A comparative study of the svm and k-nn machine learning algorithms for the diagnosis of respiratory pathologies using pulmonary acoustic signals
© Palaniappan et al.; licensee BioMed Central Ltd. 2014
Received: 4 December 2013
Accepted: 18 June 2014
Published: 27 June 2014
Pulmonary acoustic parameters extracted from recorded respiratory sounds provide valuable information for the detection of respiratory pathologies. The automated analysis of pulmonary acoustic signals can serve as a differential diagnosis tool for medical professionals, a learning tool for medical students, and a self-management tool for patients. In this context, we intend to evaluate and compare the performance of the support vector machine (SVM) and K-nearest neighbour (K-nn) classifiers in diagnosis respiratory pathologies using respiratory sounds from R.A.L.E database.
The pulmonary acoustic signals used in this study were obtained from the R.A.L.E lung sound database. The pulmonary acoustic signals were manually categorised into three different groups, namely normal, airway obstruction pathology, and parenchymal pathology. The mel-frequency cepstral coefficient (MFCC) features were extracted from the pre-processed pulmonary acoustic signals. The MFCC features were analysed by one-way ANOVA and then fed separately into the SVM and K-nn classifiers. The performances of the classifiers were analysed using the confusion matrix technique.

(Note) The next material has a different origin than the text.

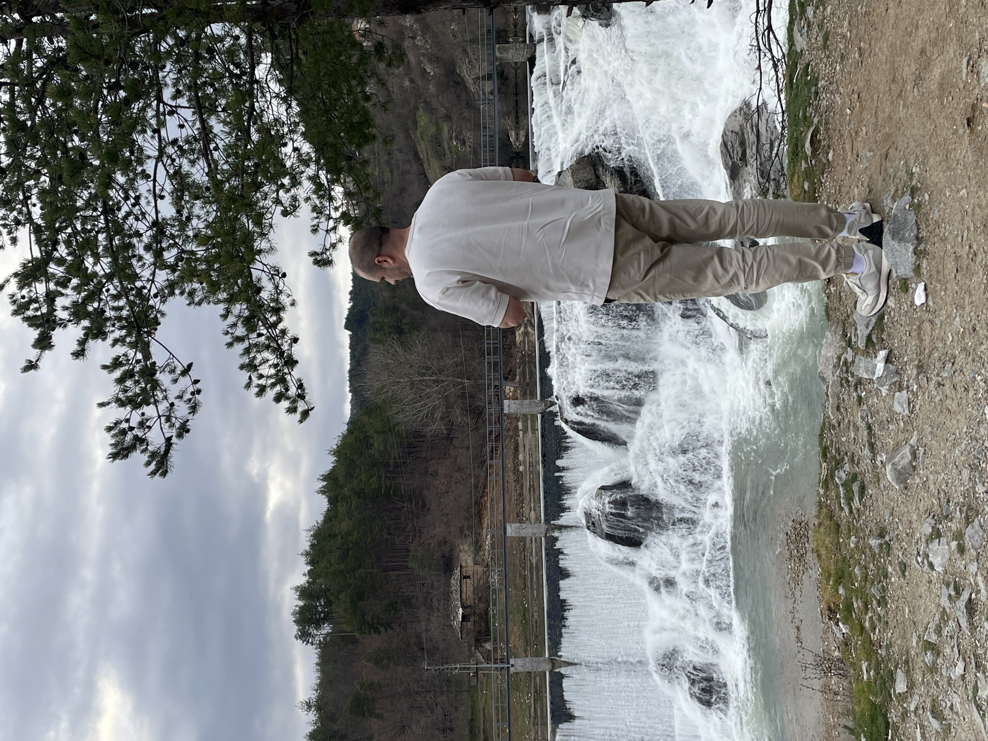 A man stands near a waterfall in Paspal, Bulgaria. The man is wearing a light-colored shirt, khaki pants, and sneakers. He is facing the waterfall. A tree is visible in the upper left. The waterfall is multi-tiered and flows over a dam. A small stone building is located at the base of the dam. The sky is overcast. The ground near the man appears to be rocky.
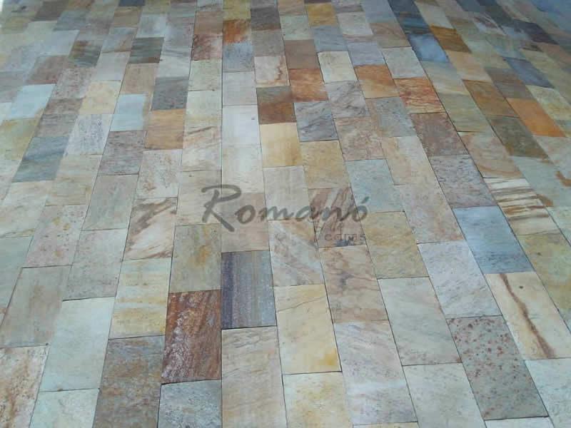 The merged quartzite “São Tomé” stone is marketed in standard sizes according to the type of cut.

The statistical analysis of the MFCC features using one-way ANOVA showed that the extracted MFCC features are significantly different (p < 0.001). The classification accuracies of the SVM and K-nn classifiers were found to be 92.19% and 98.26%, respectively.
Although the data used to train and test the classifiers are limited, the classification accuracies found are satisfactory. The K-nn classifier was better than the SVM classifier for the discrimination of pulmonary acoustic signals from pathological and normal subjects obtained from the RALE database.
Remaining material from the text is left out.